What to do:
Everything from the line with "The Palladio Plaster" to the end of the data below, both lines included, should be transcribed exactly; please omit the pictures.

Supplied data:
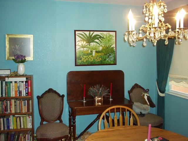 The two Victorian chairs in this picture are part of the set that includes the loveseat in our living room, and once belonged to Mary's paternal grandmother. The drop-leaf table we're using as a sideboard was originally Grr's kitchen table, refinished by Mary's father in the late 1940s. (The fifth leg, seen below, broke in a move in the 1970s. Some day Mary will get around to fixing it. . . .) |
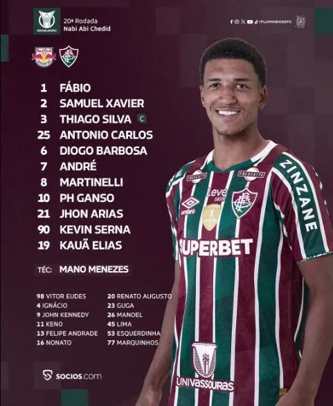 O Fluminense começa o jogo com Fábio, Samuel Xavier, Thiago Silva, Antonio Carlos, Diogo Barbosa, André, Martinelli, PH Ganso, Jhon Arias, Kevin Serna e Kauã Elias, sob comando do técnico Mano Menezes.
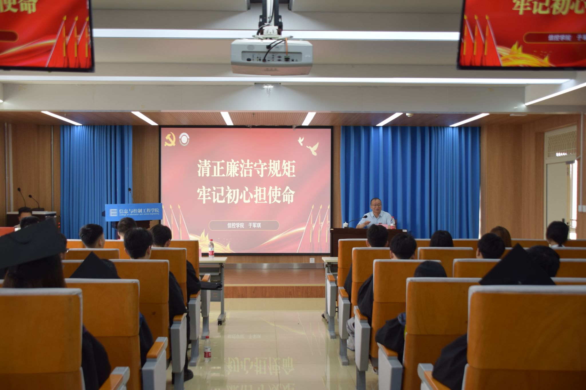 学院党委书记于军琪以“清正廉洁守规矩 牢记初心担使命”为题讲授党课。他带领全体党员回顾了百年党史中的廉洁文化建设,并从三个方面阐述了“守规矩,担使命”在新时代更具重要性和紧迫性,一要在学党纪中铸忠诚,旗帜鲜明讲政治,真正把党的纪律规矩特别是党的政治纪律、政治规矩转化为政治自觉、思想自觉、行动自觉;二要在学党纪中强筋骨,守牢初心敢担当,要牢牢的站稳人民的立场,践行党“为人民服务”的根本宗旨,锻炼勇于担当的政治品质;三要在学党纪中强信念,勇担使命善作为,充分认识科技自立自强是国家强盛之基、安全之要,自觉履行高水平科技自立自强的使命担当。于军琪希望全体毕业生党员把握青春韶华,牢记我校“自强、笃实、求源、创新”的校训,以时代之先锋,以清廉之表率,始终坚守共产党员的操守与品格,保持建大人的热情与担当,坚守初心,砥砺前行。
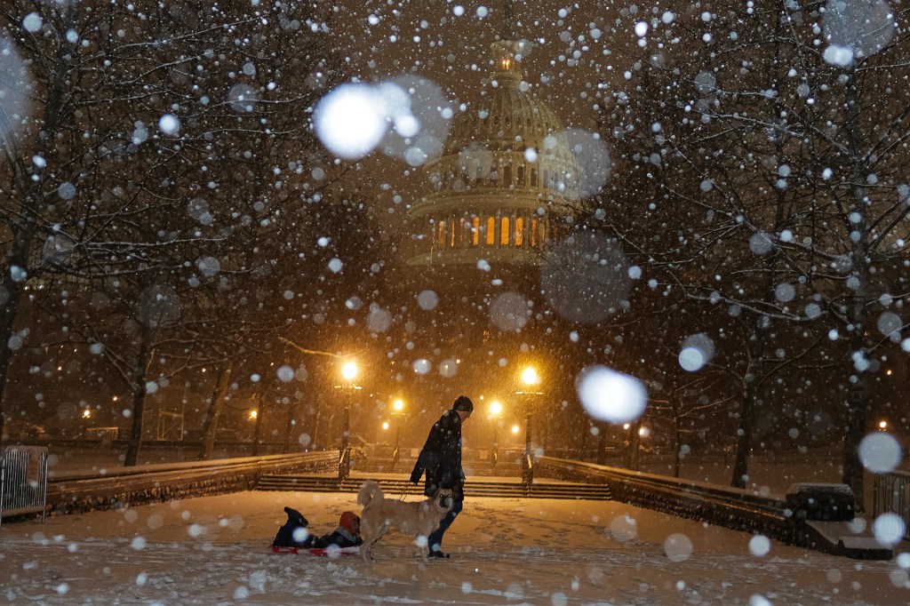 Two people and their dog play in the snow outside the U.S. Capitol, in Washington, D.C., on February 11. Parts of the country have seen heavy snow and record lo…
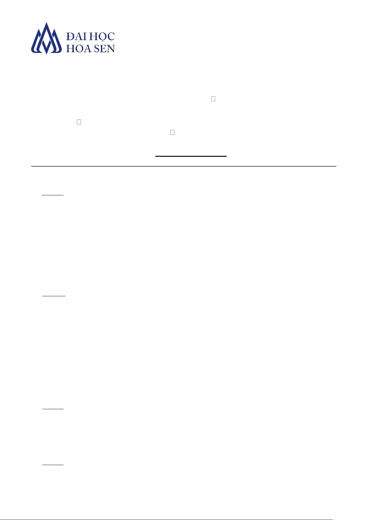 Ghi chú: Sinh viên làm bài trên giấy thi của trường (phần tự luận và trắc nghiệm).
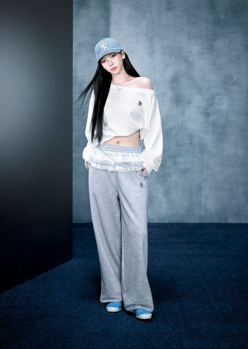 여기에 트렌디한 원숄더 디자인이 돋보이는 여성 베이직 오프숄더 맨투맨여성 베이직 레이스 러플 세미와이드 팬츠를 매치해 ‘MLB’ 대표 볼캡룩에 발레코어 무드를 조화롭게 더했다.
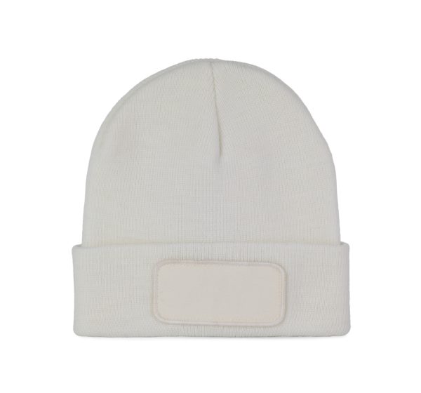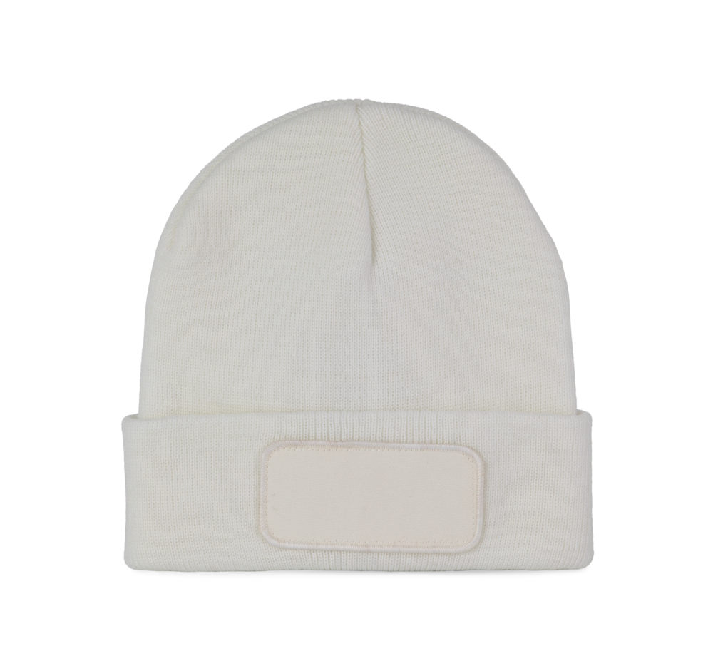 40% gerecycleerd polyester / 20% polyester / 40% acryl. Muts met gebreide omslag in acryl en polyester. Heel comfortabele Thinsulate™-fleecevoering. Katoenen patch aan de voorkant, voor eenvoudige personalisatie. Tear-away merklabel.
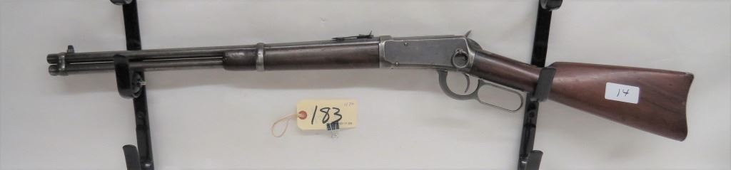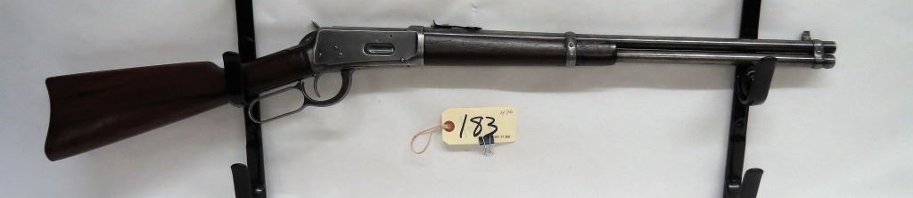 Non-restricted, lever action, cal. 30 wcf, 20" barrel, SN 447389, wood has cracks in fore end and rear stock, bluing is grey, bore is dark/stained rifling is good
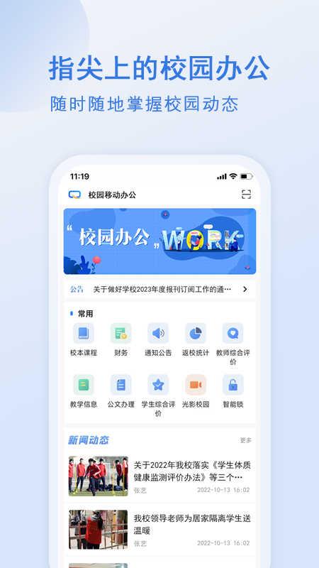 校园移动办公app是一款功能十分强大的校园服务办公平台,平台拥有丰富的功能及服务,精细化管理,可以随时随地办公,助力更好的智慧教育,有需要的朋友可以来下载。
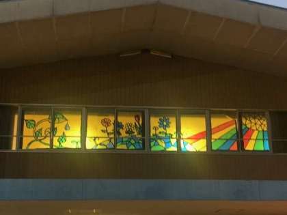 体育館窓枠に飾られたステンドグラス
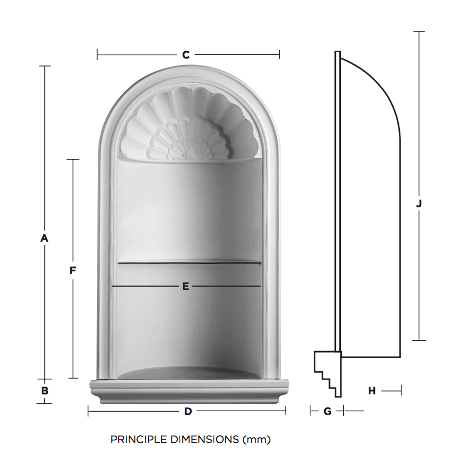 The Palladio Plaster Niche creates a decorative display setting in a wall, hallway or gallery and can be supplied with glass shelves or a frosted glass base with illumination. Fibrous Plaster Niche - Palladio - Measurements: A: 1470mm, B: 115mm, C: 855mm, D: 905mm, E: 665mm, F: 1030mm, G: 70mm, H: 400mm, J: 1450mm
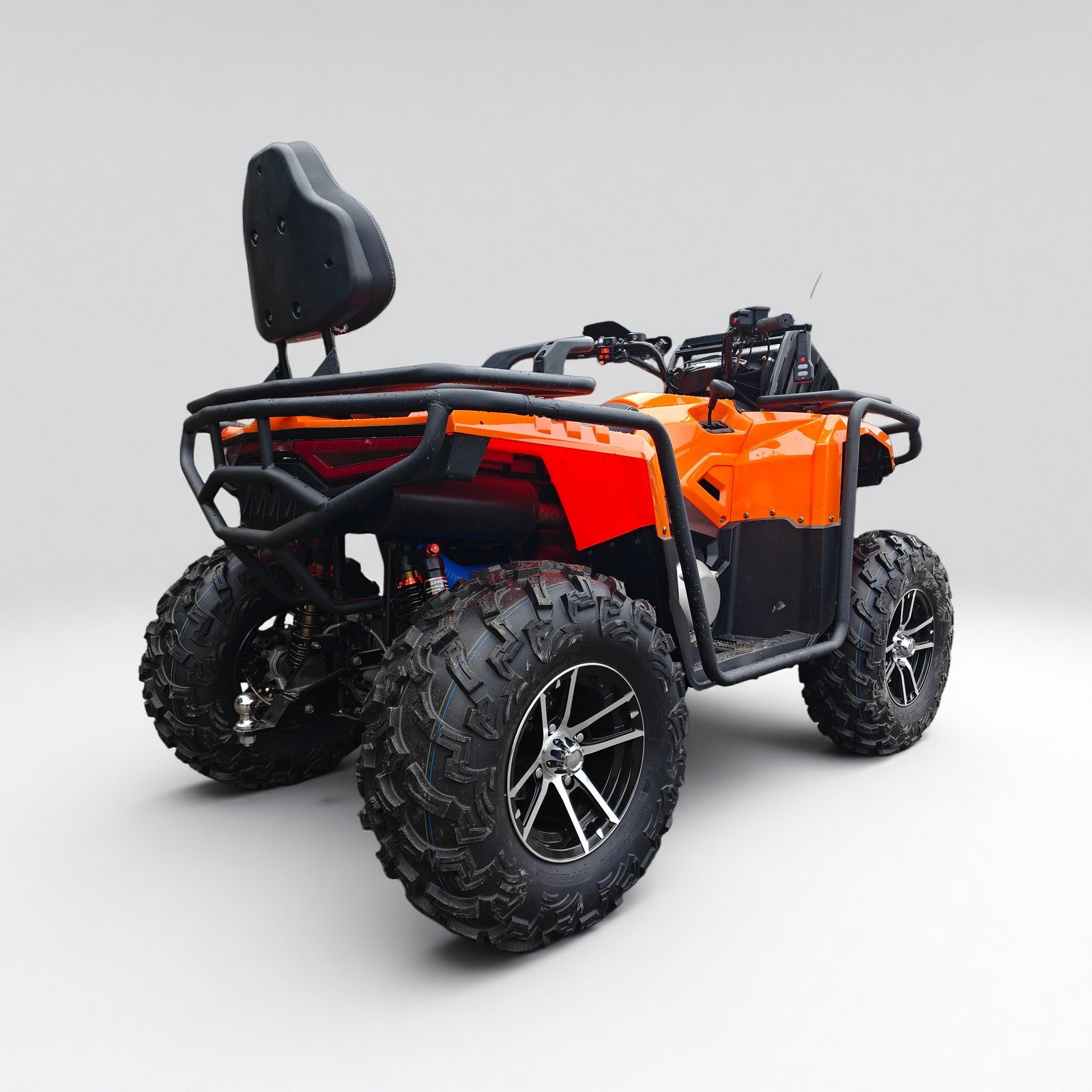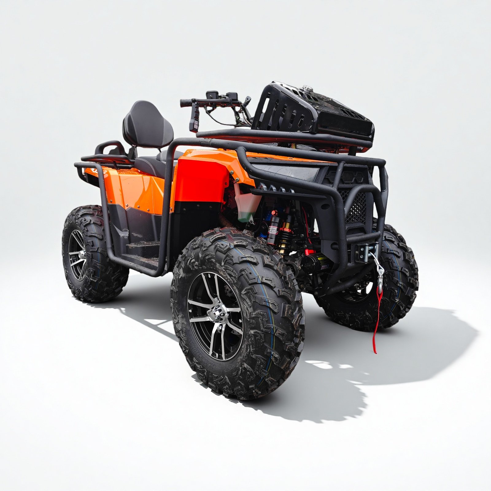 3000lbs winch + front/rear racks + tow ball, master rescue, cargo and towing; front/rear disc brakes + EPS steering, safe and easy to drive!
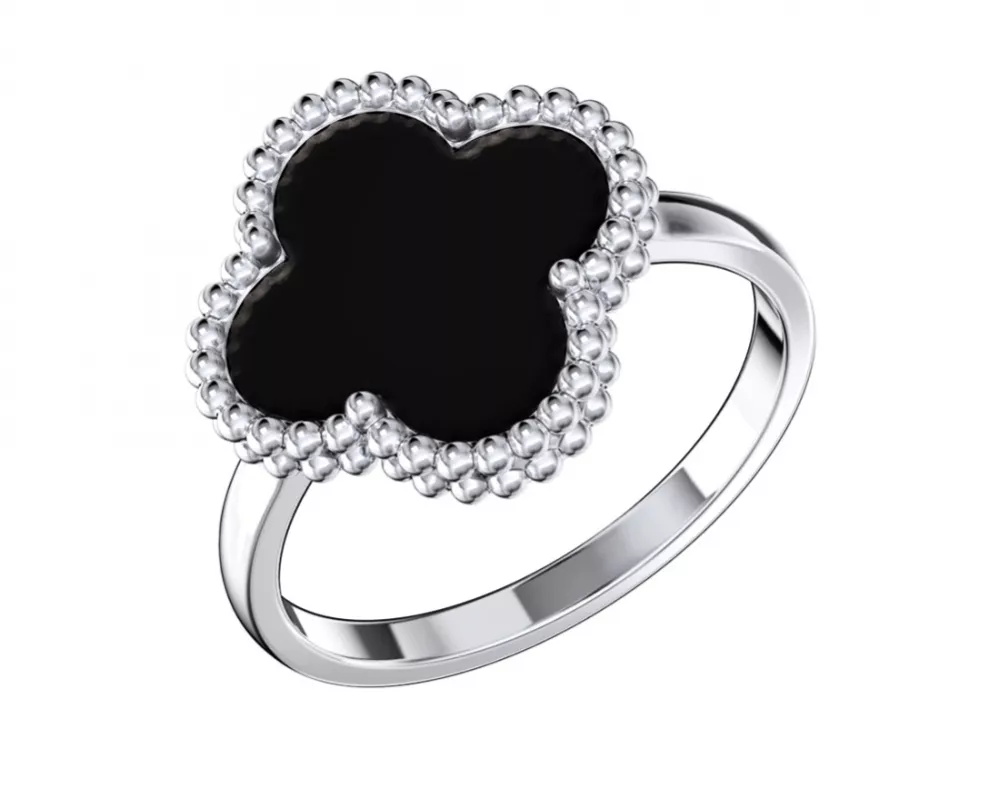 Кольцо 0101809-00185 Ag 925 1 Агат клевер 12,00*12,00 1,68 ct чёрный

Solution below:
 The Palladio Plaster Niche creates a decorative display setting in a wall, hallway or gallery and can be supplied with glass shelves or a frosted glass base with illumination. Fibrous Plaster Niche - Palladio - Measurements: A: 1470mm, B: 115mm, C: 855mm, D: 905mm, E: 665mm, F: 1030mm, G: 70mm, H: 400mm, J: 1450mm
 3000lbs winch + front/rear racks + tow ball, master rescue, cargo and towing; front/rear disc brakes + EPS steering, safe and easy to drive!
 Кольцо 0101809-00185 Ag 925 1 Агат клевер 12,00*12,00 1,68 ct чёрный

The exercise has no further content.